Д. увидел витрину посудного магазина. Над витриной была крупная надпись: «Фарфор, фаянс, хрусталь, стекло». Д. вошёл в магазин. Он любил красивую посуду, хотя не покупал её: гости к нему приходили очень редко, да и денег на такую роскошь у него не было.
Сначала Д. с удовольствием разглядывал фарфор. Там, на свалке, видел он лишь осколки всех этих чашек, блюдец, сахарниц, чайников и кофейников. Здесь же они были целёхоньки и страшно привлекательны. «Вот этот сервиз я, пожалуй, купил бы!» – подумал Д. Сервиз был выполнен в стилистике рококо, в духе старинного севрского фарфора. Сложность и даже причудливость соединялась здесь с утончённостью и женственностью. Из таких чашечек могли бы пить чай только дамы в кринолинах и кавалеры в шёлковых чулках с кокетливыми бантами ниже колен. Где теперь найдёшь такую публику? Только на полотнах Буше и Сомова.
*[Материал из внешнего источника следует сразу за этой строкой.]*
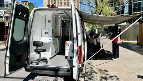 Vendredi, 9h, devant la Mission St-Michael. Des personnes en situation d’itinérance font la file pour rencontrer les intervenants et l’infirmière qui les accueillent sous l’auvent d’une fourgonnette blanche stationnée. Le véhicule, faisant office de clinique mobile, sillonne depuis avril les rues de Montréal pour venir en aide aux personnes vulnérables, où qu’elles soient.
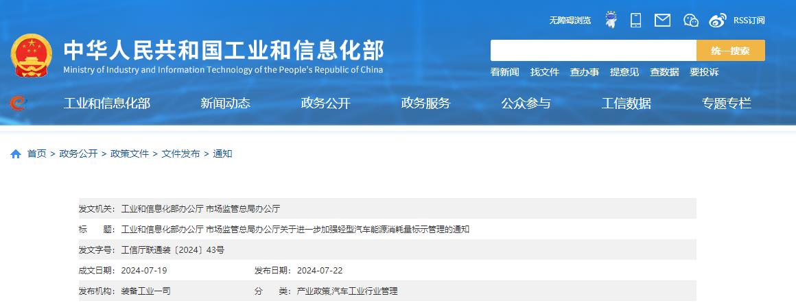 2024年7月22日,工业和信息化部办公厅、市场监管总局办公厅联合发布《关于进一步加强轻型汽车能源消耗量标示管理的通知》,《通知》明确:为进一步规范轻型汽车能源消耗量标示管理,完善汽车能源消耗量公示制度,工业和信息化部、市场监管总局联合部署进一步加强轻型汽车能源消耗量标示管理。要求汽车生产企业或进口汽车经销商应保证其轻型汽车产品在销售时粘贴有轻型汽车能源消耗量标识。能耗标识的内容、格式、材质和粘贴等应符合相应规范;在汽车产品自身以外其它场所使用能耗标识时,可等比例放大或缩小。本通知自发布之日起实施。
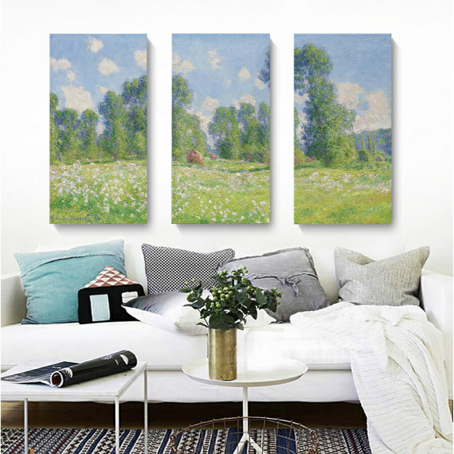 ■クロード・モネ ジヴェルニー、春の効果 3枚セット 油絵 風景画 壁掛け 名画 ファブリック オシャレ インテリア アートパネル プレゼント
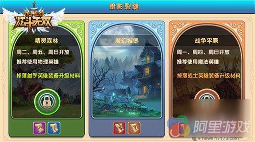 “暗影裂缝”玩法有精灵森林、魔幻城堡、战争平原三大地图,三大地图开放的时间贯穿了一周,非常人性化。让玩家工作日有限的游戏时间得到合理利用,可以有计划的进行不同职业的装备打造。周日三大地图全部开启,玩家可选择性进行所需装备材料的突袭补充。
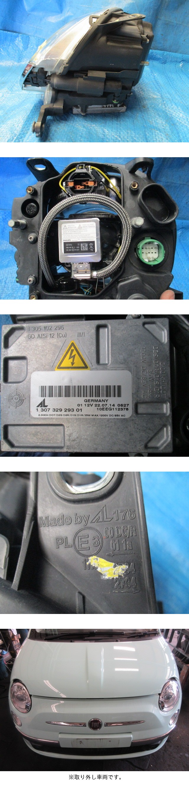 ※点灯OK※割れなし●フィアット500 312系●右ヘッドライト レンズ 運転席側●純正 HID仕様●AL 176●ウォッシャー付き●31209 31212 31214 收藏
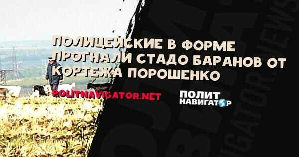 Журналисты, освещавшие сегодняшний визит Петра Порошенко в Одесскую область, стали свидетелями, как украинские полицейские в форме прогоняют стадо баранов подальше от места, куда должен прибыть президентский кортеж.
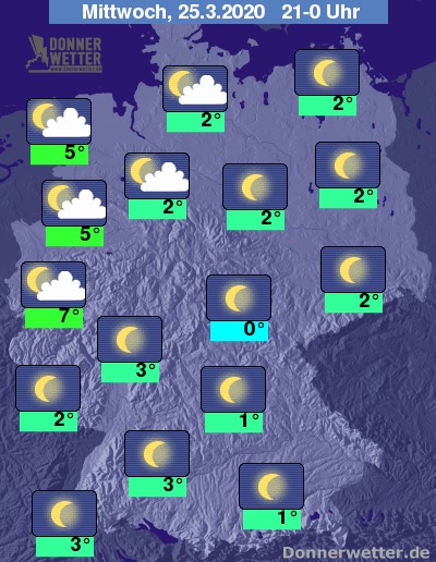 Bis zu den Frühstunden wird es wieder sehr kalt. Die Luft kühlt verbreitet in den leichten Frostbereich ab. In geschützten Tälern droht sogar wieder mäßiger Frost mit Werten von unter -5 Grad. Frostfrei bleibt es nur direkt auf der Nordsee, sowie auf den Inseln.

А сервиз, вполне натуральный, стоит на прилавке и соблазняет своей галантностью, своей игривостью, и даже некоторой эротичностью, и даже некоторой фривольностью – всем тем, чем соблазняет нас и соблазнял уже многих неотразимый и незабвенный восемнадцатый век. Налюбовавшись вволю фарфоровой посудой, Д. направился в отдел хрусталя и долго рассматривал сверкавшие гранями и поражавшие своей прозрачностью хрустальные вазы, блюда и кубки. В них тоже было что-то нездешнее, навевающее мысли о временах отдалённых и кажущихся почти нереальными, почти мифическими. Тут же находился стеклянный киоск с надписью: «Гравёрные работы». Седой, носатый и бровастый человек с зелёным пластмассовым козырьком на лбу, к которому были прикреплены очки, склонившись над хрустальной вазочкой, вырезал на ней дарственную надпись с помощью довольно противно жужжащего аппарата, напоминавшего известное орудие, которым стоматологи сверлят своим несчастным пациентам испорченные зубы. Постояв с минуту рядом с гравёром и мысленно поблагодарив судьбу за то, что она уже давно не посылала его в зубную поликлинику, Д. покинул магазин и отправился дальше.